Redundant syscalls?

Redundant syscalls?

[Lorenzo Allegrucci]

I was wondering why do we need fsetxattr(2), fgetxattr(2) etc when we 
already have setxattr(2), getxattr(2) etc working on file names
instead of file descriptors.
truncate(2)/ftruncate(2) is another more traditional example.

Thanks

Re: Redundant syscalls?

[Doug McNaught]

Lorenzo Allegrucci <l.allegrucci@tiscalinet.it> writes:

> I was wondering why do we need fsetxattr(2), fgetxattr(2) etc when we 
> already have setxattr(2), getxattr(2) etc working on file names
> instead of file descriptors.
> truncate(2)/ftruncate(2) is another more traditional example.

Because you can't reliably derive a file name from an open file
descriptor, so it's useful to have a way to act on the file directly
through the descriptor. 

-Doug
-- 
Let us cross over the river, and rest under the shade of the trees.
   --T. J. Jackson, 1863

Re: Redundant syscalls?

[Andi Kleen]

Lorenzo Allegrucci <l.allegrucci@tiscalinet.it> writes:

> I was wondering why do we need fsetxattr(2), fgetxattr(2) etc when we 
> already have setxattr(2), getxattr(2) etc working on file names
> instead of file descriptors.
> truncate(2)/ftruncate(2) is another more traditional example.
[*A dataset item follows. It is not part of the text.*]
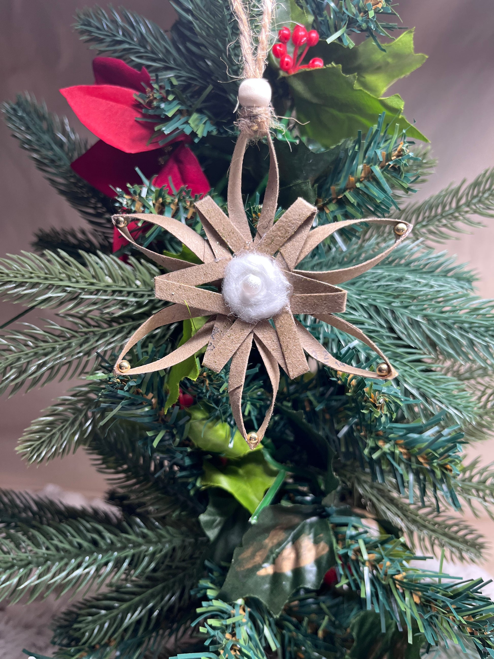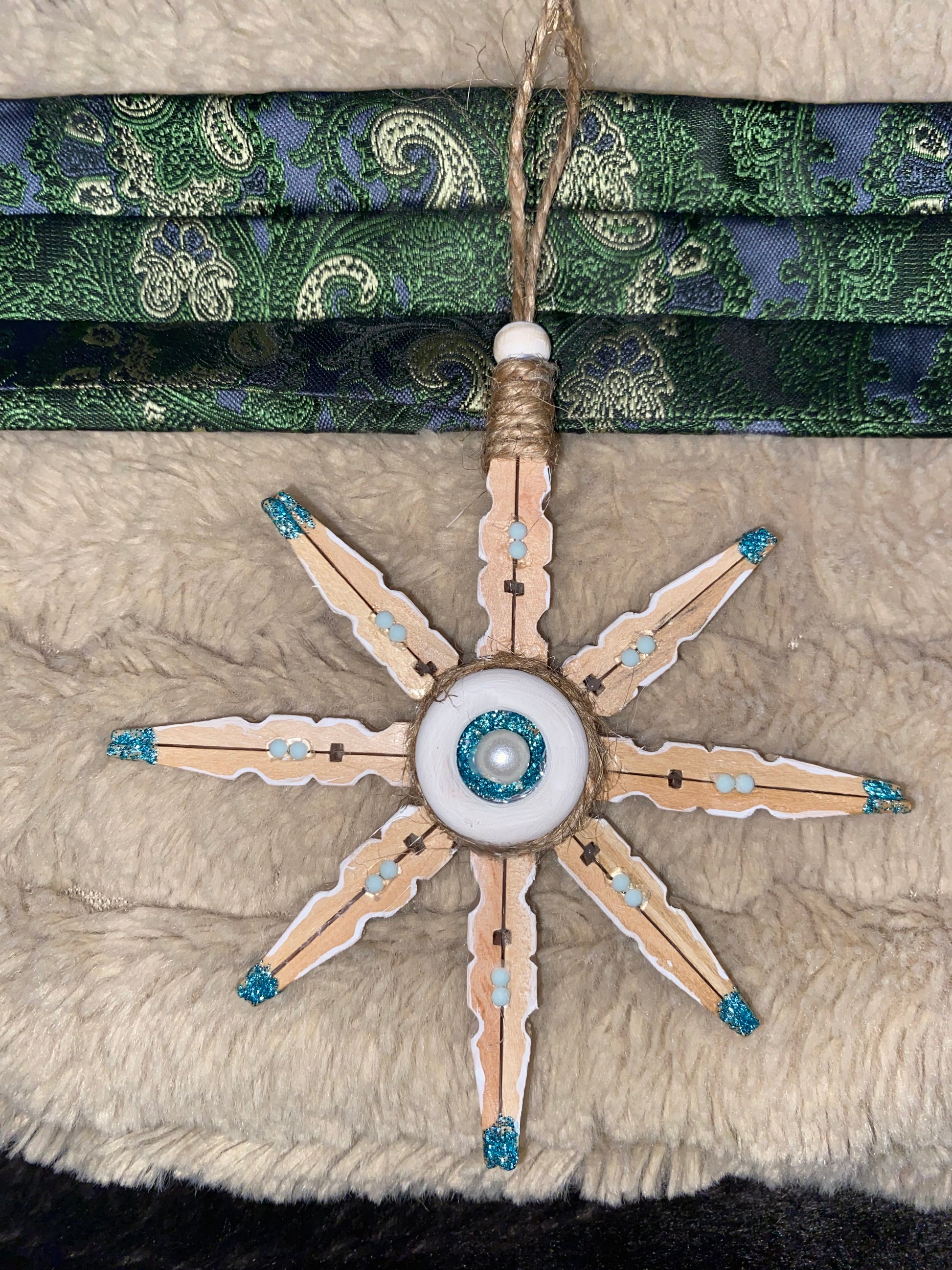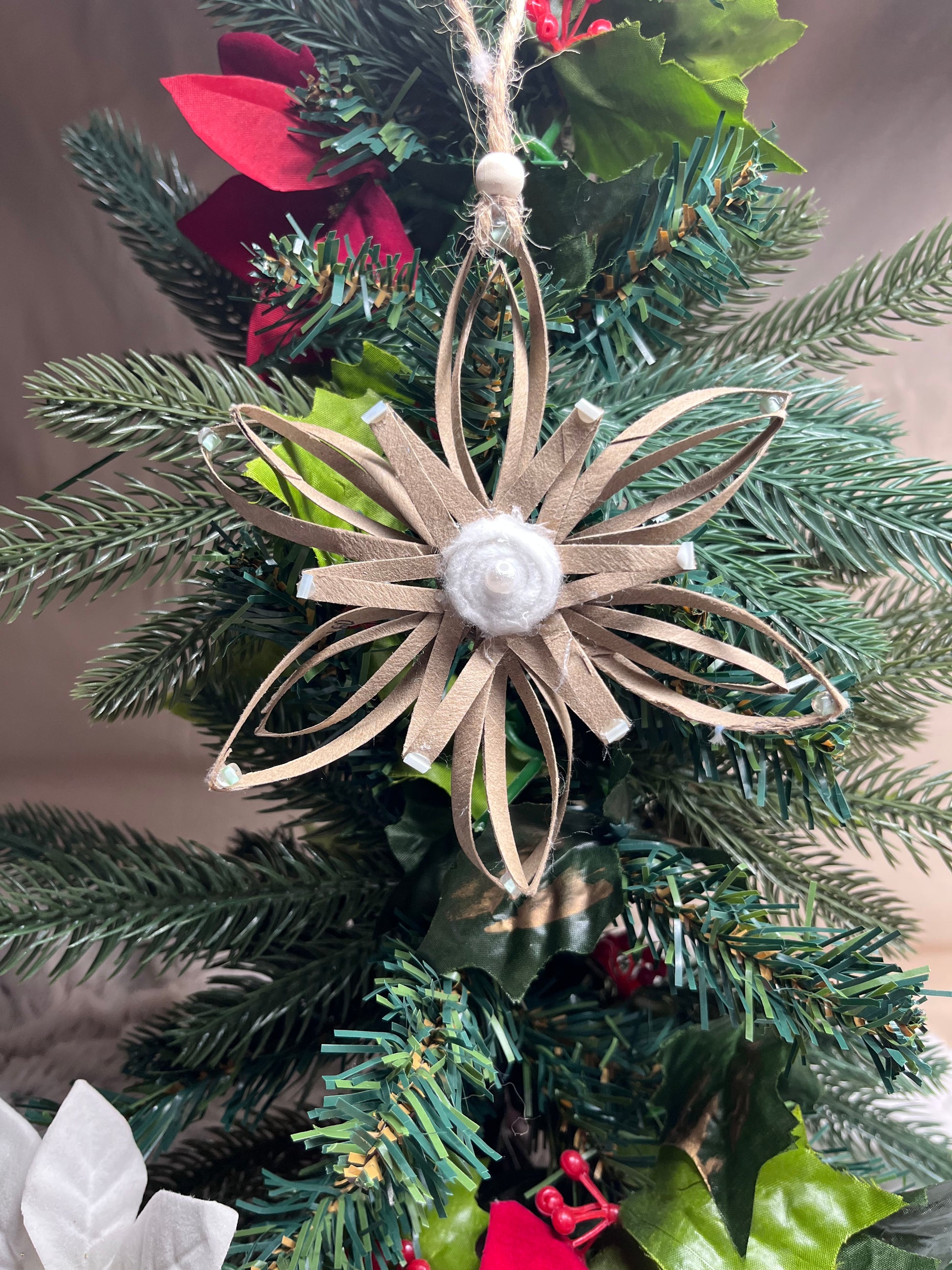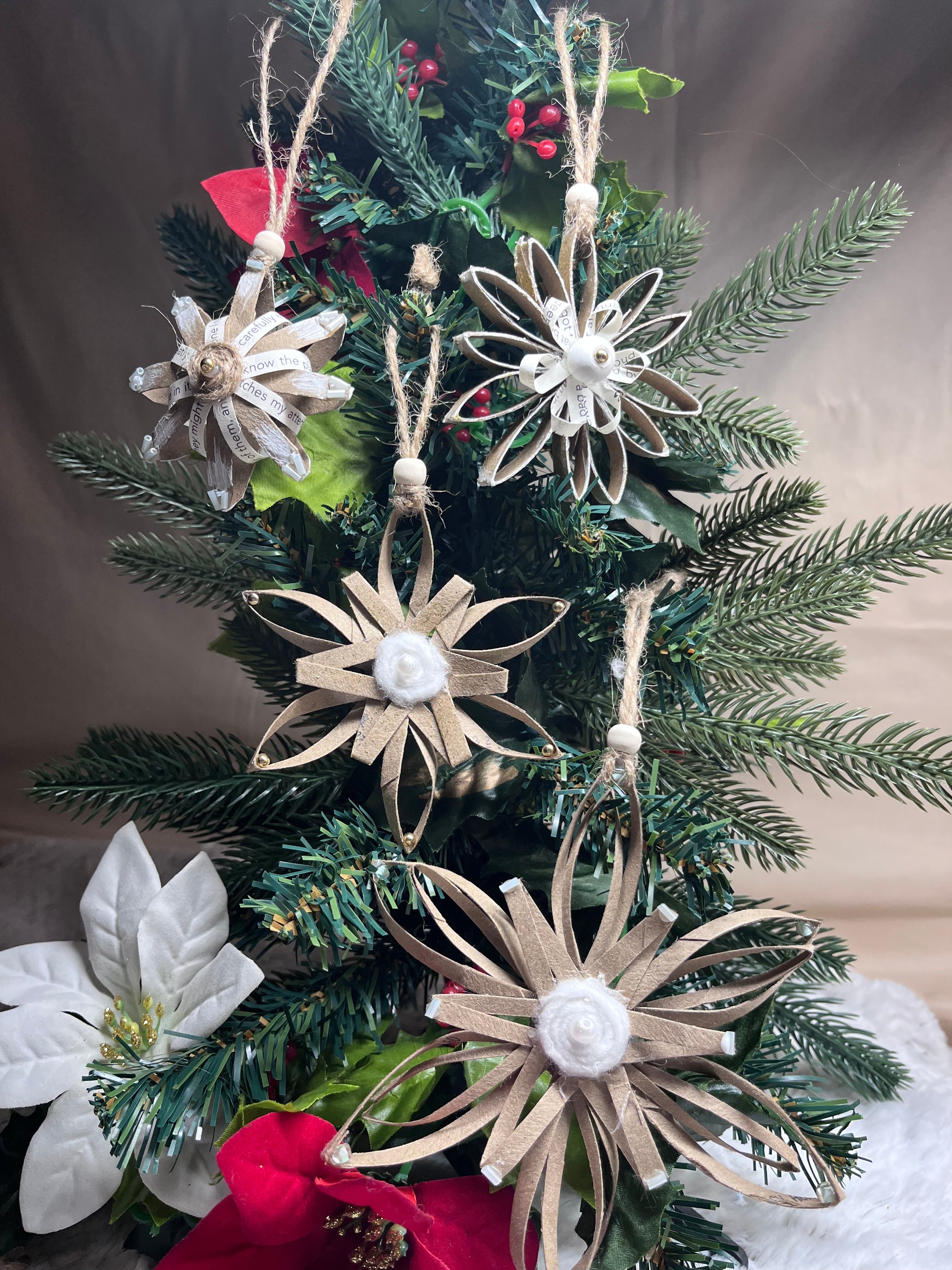 Just like in nature, no snowflakes are exactly the same. These snowflakes are hand made by Blue Moon Gypsy. Each one is made from a different up cycled or repurposed item to make a truly unique and hand made ornament.

The f* variant can be race free. For example you want to stat something
first to make sure it is what you expect it to be and not a symlink
to your /etc/passwd. When you use first stat() and then do random
operation on filename with name there is a small window where someone
could replace the name with something else. This could be security relevant.
fd = open(name, ...); fstat(fd, ..); check fsomething(fd, ...); close(fd);
guarantees that you're always working on the same object without any race 
windows.

-Andi

Re: Redundant syscalls?

[Jesse Pollard]

---------  Received message begins Here  ---------

> 
> 
> I was wondering why do we need fsetxattr(2), fgetxattr(2) etc when we 
> already have setxattr(2), getxattr(2) etc working on file names
> instead of file descriptors.
> truncate(2)/ftruncate(2) is another more traditional example.

Atomic actions.

Consider the case of a file that doesn't exist yet. first you
open it, then perform the fsetxattr. If you use the name, then it becomes
possible to rename the file and substitute a different one before the
setxattr. Now, the open file will be missing the attribute(s).
-------------------------------------------------------------------------
Jesse I Pollard, II
Email: pollard@navo.hpc.mil

Any opinions expressed are solely my own.